This one is short and sweet. Yesterday I went into a phone store to get a new charger. I told the three-year-old assistant hovering by the phones what I needed. He grabbed one and led me to the till where I struck up a bit of witty repartee:
Me: I don’t know what I do with them, I keep buying them and leaving them places…
Him: Silent bar a look that seemed to say ‘Madam, I could not care where you leave them, why are you talking to me?’
Me: Anyway, I’m really good customer, is there any chance of a discount?
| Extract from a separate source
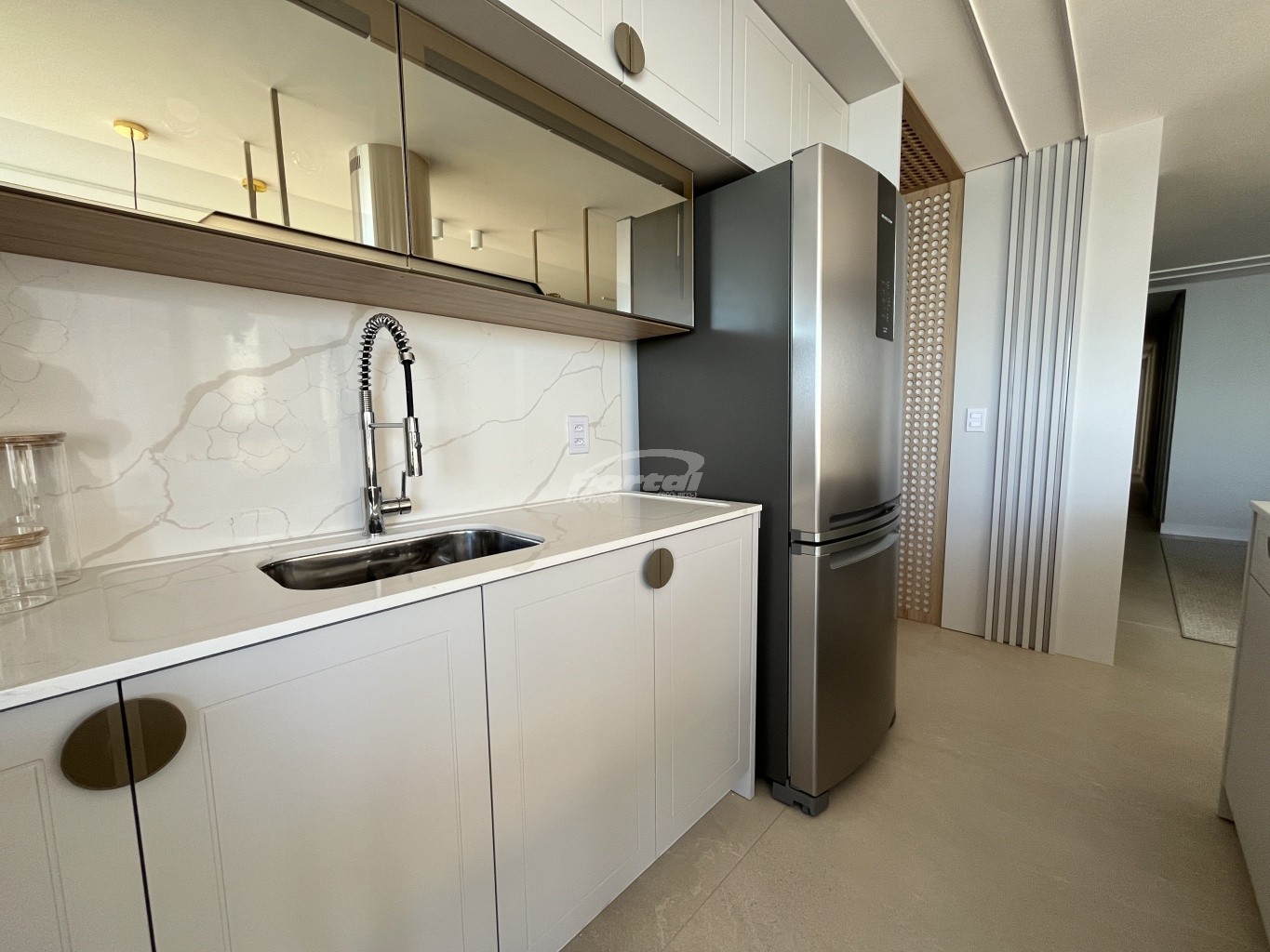 Hall de entrada decorado, elevador, infraestrutura para ar-condicionado split, medição individual de água, luz e gás, sistema de segurança e controle de acesso, vagas de garagem privativas, padrão de Acabamento, porcelanato nas áreas sociais, piso laminado nos dormitórios, rebaixo em gesso, portas internas brancas, esquadrias em alumínio, churrasqueira a carvão nas sacadas, nichos nos banheiros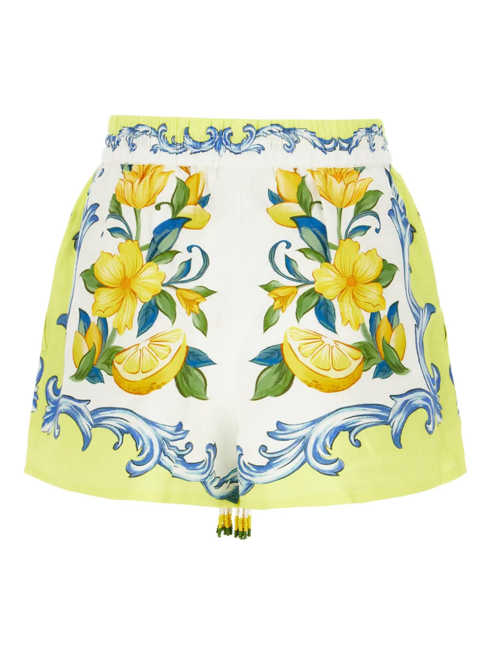 Шорты с лимонным принтом и бисером FARM Rio, белый

Him: A look of panic. He wasn’t expecting this. He pauses for a second then: ‘Er, no madam, unfortunately I’m not able to do that.’
Me (grinning madly): Are you sure? I’m really, really good customer. My bills are crazy every month…
Him: A look that suggests that not only are my bills crazy, I may be crazy and he might have to call his manager soon. ‘Er, sorry, no.’
The customer, at the till next to me, breaks off from her conversation about roaming charges to give me a once up and down. I think she’s trying to see what kind of nutter/cheapskate I am. But maybe that’s in my head. She smirks. I smirk back.
Me (still grinning): OK! No worries!
Him: Confused and relieved. Smiles.
It was quite funny actually. I would usually be quite mortified in this situation, in case people thought I was a cheapskate, but yesterday I could not care less. I think my coffee shop romance has made my skin grow an extra layer thick. I am (temporarily at least) invincible.